2025-12-23 19:17:16 +08:00

110 lines
3.6 KiB
Markdown

## MariaDB Binlog Indexer
This tool helps to index mariadb binlogs and store them in compact format to query faster.
### File Format
- **DuckDB** - Store all the metadata of binlogs.
- **Parquet** - Store the actual queries.
### DB Schema
```
┌─────────────┬─────────────┬─────────┬─────────┬─────────┬─────────┐
│ column_name │ column_type │ null │ key │ default │ extra │
│ varchar │ varchar │ varchar │ varchar │ varchar │ varchar │
├─────────────┼─────────────┼─────────┼─────────┼─────────┼─────────┤
│ binlog │ VARCHAR │ YES │ NULL │ NULL │ NULL │
│ db_name │ VARCHAR │ YES │ NULL │ NULL │ NULL │
│ table_name │ VARCHAR │ YES │ NULL │ NULL │ NULL │
│ timestamp │ INTEGER │ YES │ NULL │ NULL │ NULL │
│ type │ VARCHAR │ YES │ NULL │ NULL │ NULL │
│ row_id │ INTEGER │ YES │ NULL │ NULL │ NULL │
│ event_size │ INTEGER │ YES │ NULL │ NULL │ NULL │
└─────────────┴─────────────┴─────────┴─────────┴─────────┴─────────┘
```
### Usage
Before starting up please note down,
- All the timestamps are in seconds UTC
- Available query types are `SELECT`, `INSERT`, `UPDATE`, `DELETE`, `OTHER`
Also, check the python docstrings for more details.
#### Initialize Indexer
```python
from mariadb_binlog_indexer import Indexer
indexer = Indexer(
base_path="<path to store indexer related files>",
db_name="metadata.db", # The name of the database to store metadata
)
```
#### Index New Binlog
```python
indexer.add(
binlog_path="<path to binlog>",
batch_size=10000, # The batch size to insert binlog in duckdb
)
```
#### Remove Indexes of Binlog
```python
indexer.remove(
binlog_path="<path to binlog>",
)
```
#### Generate Timeline
This function will provide a summary of binlog event in a given time range. It will split the time range into 30 parts and provide event related information for each part.
```python
indexer.get_timeline(
start_timestamp=1746534427, # The start timestamp in seconds UTC
end_timestamp=1756534427, # The end timestamp in seconds UTC,
type="INSERT", # Optional
database="test_db", # Optional
)
```
#### Get Row Ids
This function will help to get the row ids of each binlog based on our request.

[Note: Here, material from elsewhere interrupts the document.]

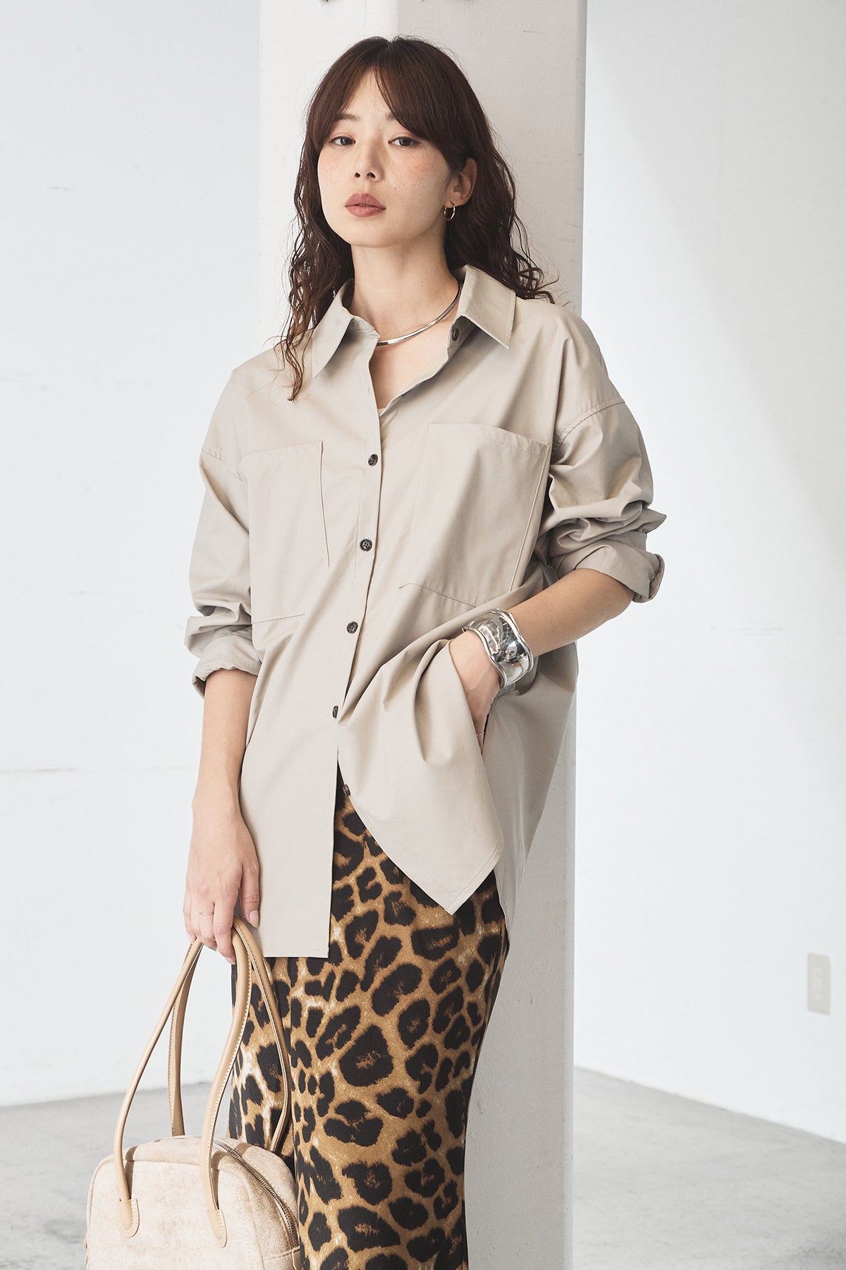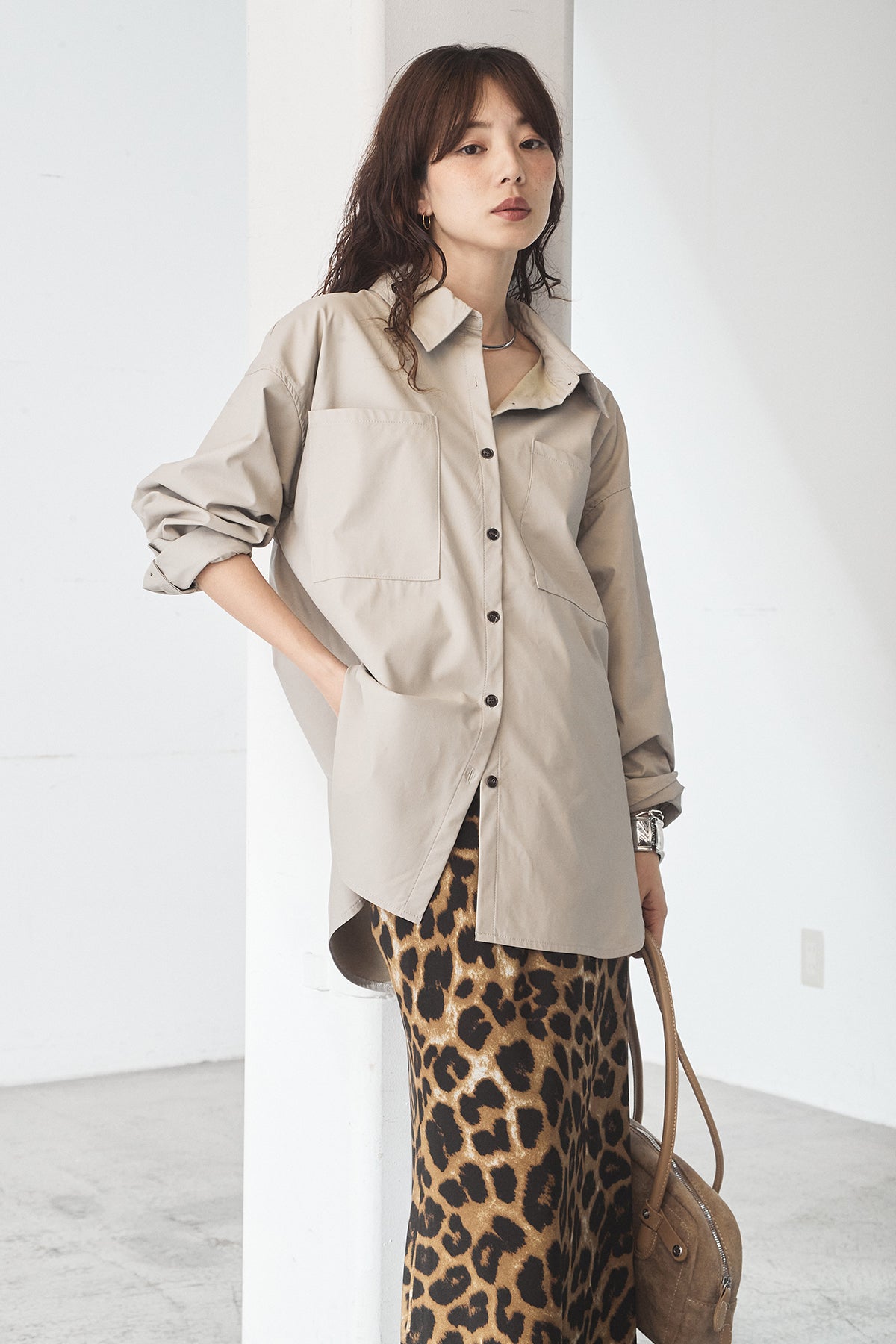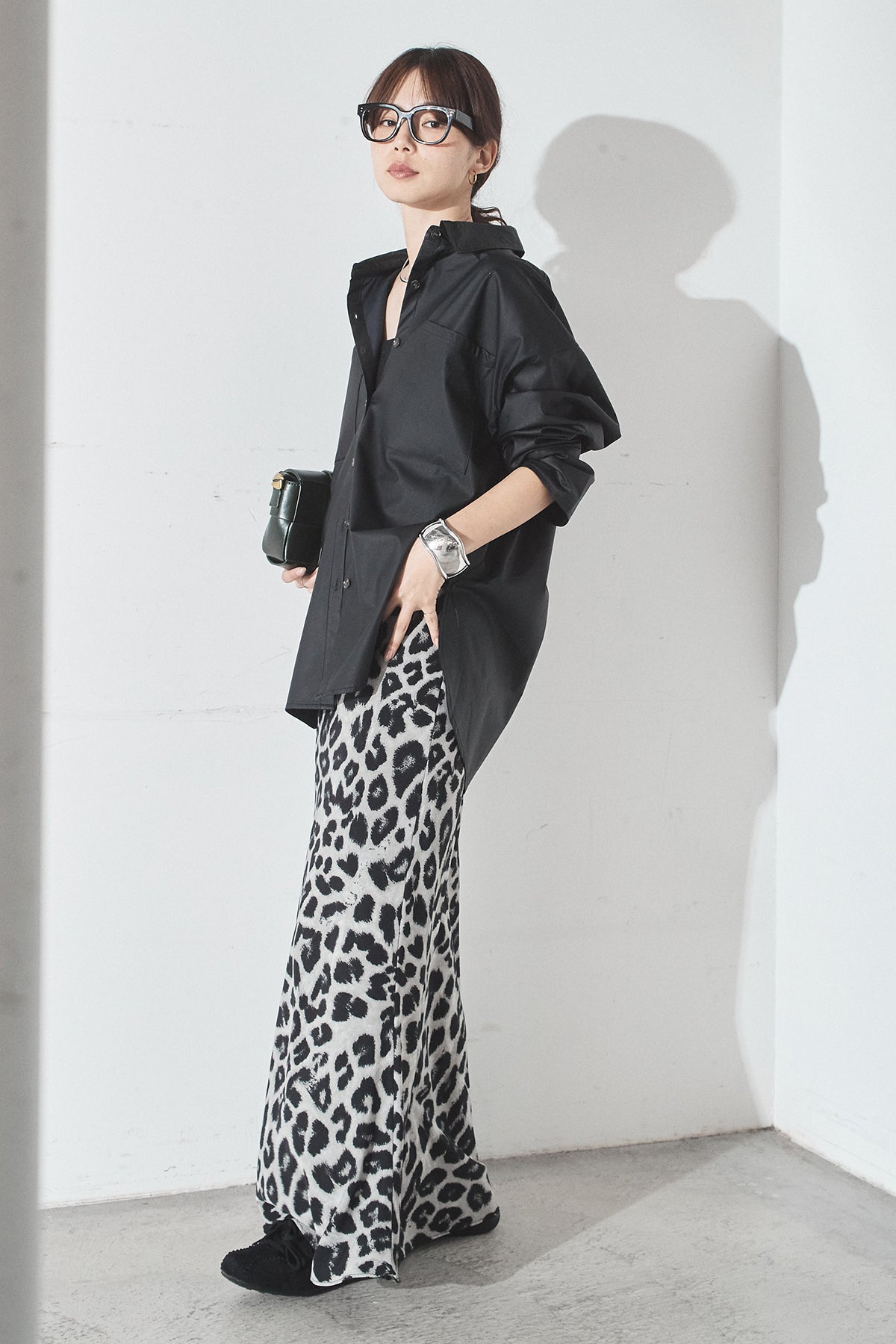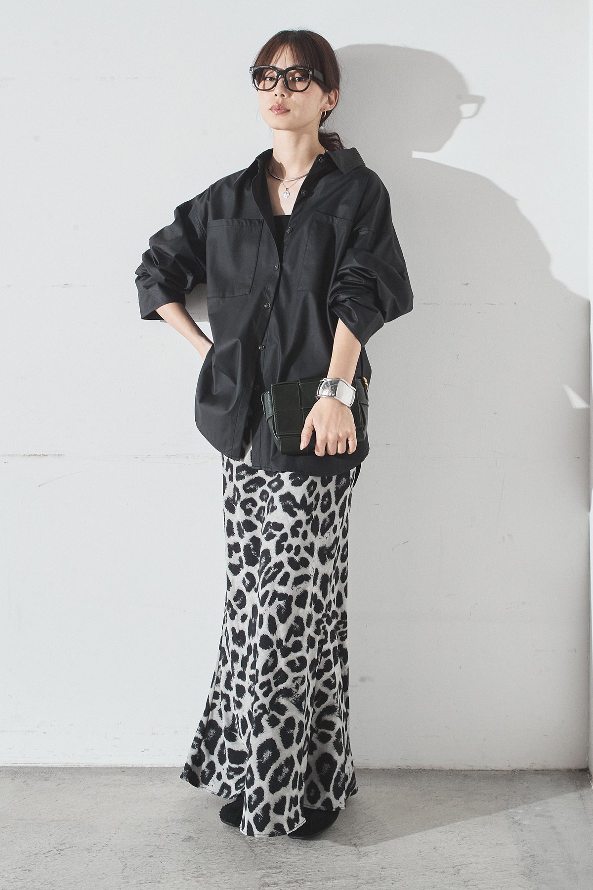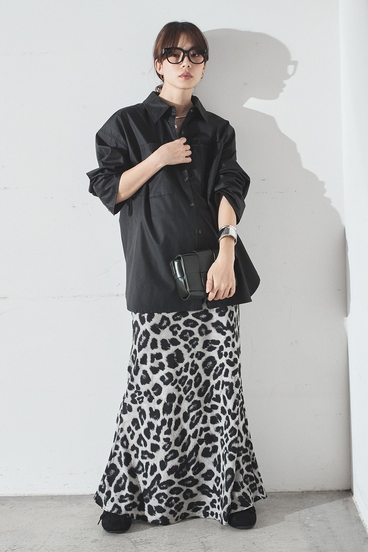 [SET]ウォッシャブルエコレザービックカフスシャツ+レオパードサテンナロースカート(2set)

The purpose of this function is to help finding required row ids beforehand to implement pagination on the other end.
Only reason of doing this is to reduce the search in the parquet files.
```python
indexer.get_row_ids(
start_timestamp=1746534427, # The start timestamp in seconds UTC
end_timestamp=1756534427, # The end timestamp in seconds UTC,
type="INSERT", # Optional
database="test_db", # Optional
table="test_table", # Optional
search_str="test", # Optional
)
```
#### Get Queries from Parquet Files
This function will help to get the queries from parquet files.
```python
indexer.get_queries(
row_ids={
"binlog_1": [101, 102, 103],
"binlog_2": [104, 105, 106],
},
database="test_db", # Optional
)
```
You need to provide database name as filtering purpose only.